§ PROBLEM REQUIREMENTS
Below is a listing. Set down exactly the lines from the one containing "從支架實(shí)證數(sh" through the one containing "1 Name - Thanksgiving", both ends included, and leave out the rest.

§ RECORDS SHOWN
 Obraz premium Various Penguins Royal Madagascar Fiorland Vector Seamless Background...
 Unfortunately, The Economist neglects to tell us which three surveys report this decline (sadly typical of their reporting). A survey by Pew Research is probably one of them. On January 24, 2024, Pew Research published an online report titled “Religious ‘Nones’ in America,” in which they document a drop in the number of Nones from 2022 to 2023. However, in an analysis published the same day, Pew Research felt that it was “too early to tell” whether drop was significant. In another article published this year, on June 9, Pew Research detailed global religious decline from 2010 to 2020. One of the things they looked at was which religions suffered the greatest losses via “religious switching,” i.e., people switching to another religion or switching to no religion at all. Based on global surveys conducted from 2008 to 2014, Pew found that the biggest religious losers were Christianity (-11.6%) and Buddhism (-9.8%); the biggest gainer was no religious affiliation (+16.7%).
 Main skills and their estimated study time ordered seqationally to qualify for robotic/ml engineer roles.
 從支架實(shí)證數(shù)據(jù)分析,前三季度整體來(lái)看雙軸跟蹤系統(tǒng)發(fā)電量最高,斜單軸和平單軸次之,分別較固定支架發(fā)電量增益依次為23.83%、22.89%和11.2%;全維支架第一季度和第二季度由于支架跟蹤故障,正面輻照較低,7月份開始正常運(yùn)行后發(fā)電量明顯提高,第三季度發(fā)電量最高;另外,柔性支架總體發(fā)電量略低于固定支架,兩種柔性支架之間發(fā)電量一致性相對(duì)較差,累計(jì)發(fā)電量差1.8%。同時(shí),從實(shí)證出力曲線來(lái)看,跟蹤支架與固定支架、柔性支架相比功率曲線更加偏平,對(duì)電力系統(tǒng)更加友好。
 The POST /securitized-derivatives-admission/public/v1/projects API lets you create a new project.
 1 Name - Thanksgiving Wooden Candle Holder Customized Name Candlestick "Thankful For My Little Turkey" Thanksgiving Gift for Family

--

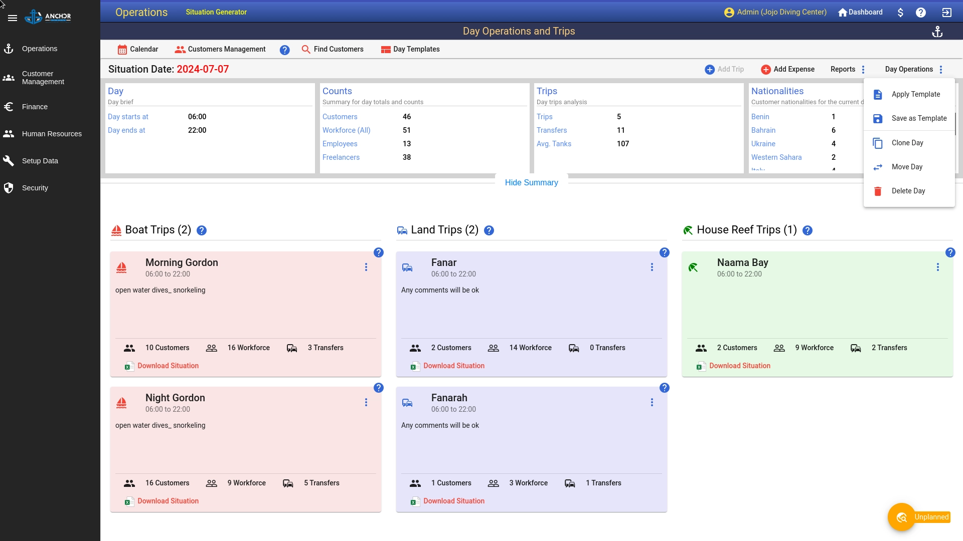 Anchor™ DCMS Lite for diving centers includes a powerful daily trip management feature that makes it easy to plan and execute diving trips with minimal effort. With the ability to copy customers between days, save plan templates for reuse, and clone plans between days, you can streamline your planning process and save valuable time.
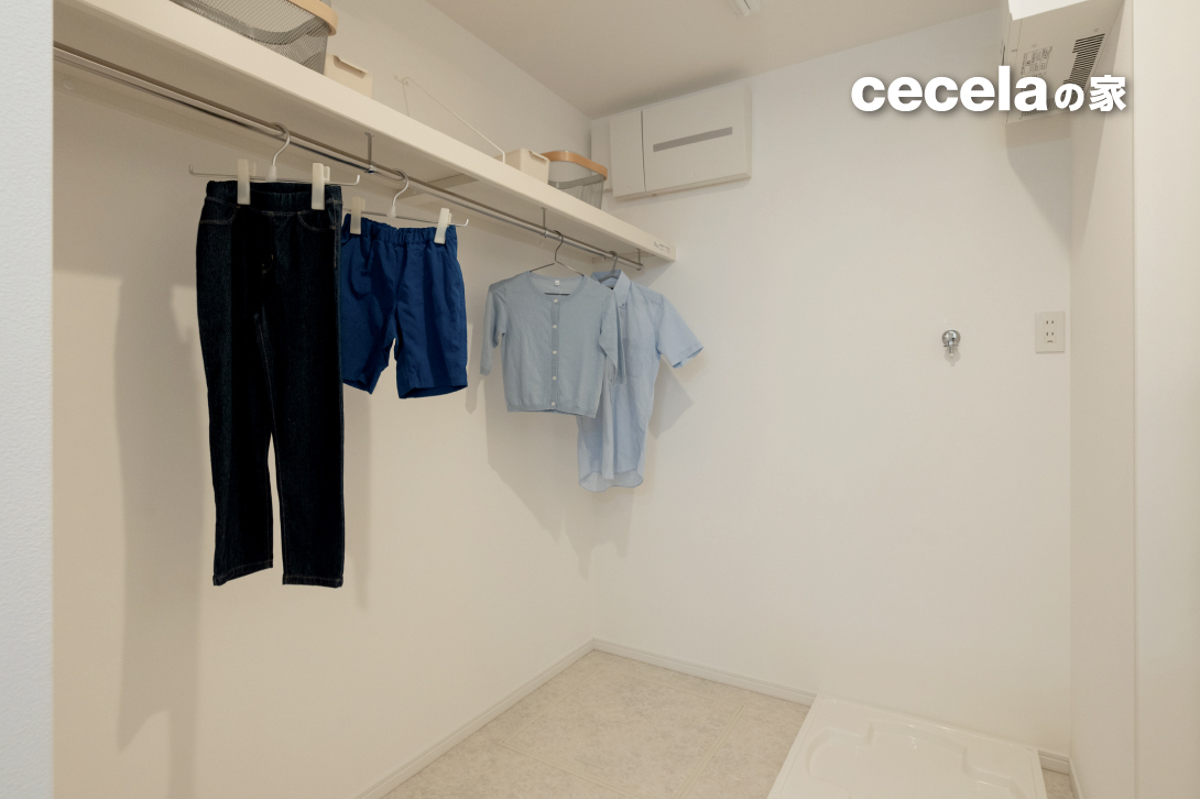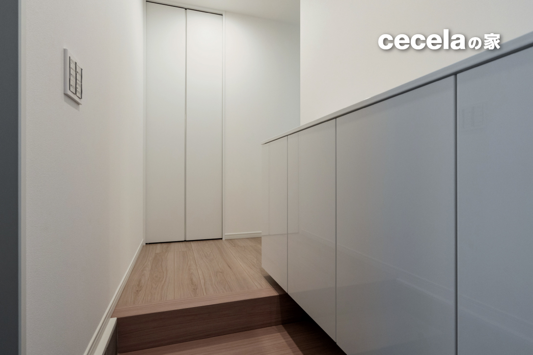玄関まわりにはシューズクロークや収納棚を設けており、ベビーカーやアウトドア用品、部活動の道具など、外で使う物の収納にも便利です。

* * *

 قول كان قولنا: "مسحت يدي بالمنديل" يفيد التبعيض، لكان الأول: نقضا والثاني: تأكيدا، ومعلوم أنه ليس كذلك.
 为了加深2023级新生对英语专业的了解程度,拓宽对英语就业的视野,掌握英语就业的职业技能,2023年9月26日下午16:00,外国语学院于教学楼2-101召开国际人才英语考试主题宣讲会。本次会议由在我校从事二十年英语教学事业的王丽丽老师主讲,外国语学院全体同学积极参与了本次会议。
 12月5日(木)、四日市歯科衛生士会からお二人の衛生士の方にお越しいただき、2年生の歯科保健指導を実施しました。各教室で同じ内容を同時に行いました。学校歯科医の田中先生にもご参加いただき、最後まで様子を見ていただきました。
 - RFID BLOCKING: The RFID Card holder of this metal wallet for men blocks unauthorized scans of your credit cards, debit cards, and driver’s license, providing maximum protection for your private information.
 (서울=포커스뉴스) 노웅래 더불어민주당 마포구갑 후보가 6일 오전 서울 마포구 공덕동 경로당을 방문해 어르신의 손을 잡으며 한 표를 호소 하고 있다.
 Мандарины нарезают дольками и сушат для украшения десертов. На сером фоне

§ RESULT
 從支架實(shí)證數(shù)據(jù)分析,前三季度整體來(lái)看雙軸跟蹤系統(tǒng)發(fā)電量最高,斜單軸和平單軸次之,分別較固定支架發(fā)電量增益依次為23.83%、22.89%和11.2%;全維支架第一季度和第二季度由于支架跟蹤故障,正面輻照較低,7月份開始正常運(yùn)行后發(fā)電量明顯提高,第三季度發(fā)電量最高;另外,柔性支架總體發(fā)電量略低于固定支架,兩種柔性支架之間發(fā)電量一致性相對(duì)較差,累計(jì)發(fā)電量差1.8%。同時(shí),從實(shí)證出力曲線來(lái)看,跟蹤支架與固定支架、柔性支架相比功率曲線更加偏平,對(duì)電力系統(tǒng)更加友好。
 The POST /securitized-derivatives-admission/public/v1/projects API lets you create a new project.
 1 Name - Thanksgiving Wooden Candle Holder Customized Name Candlestick "Thankful For My Little Turkey" Thanksgiving Gift for Family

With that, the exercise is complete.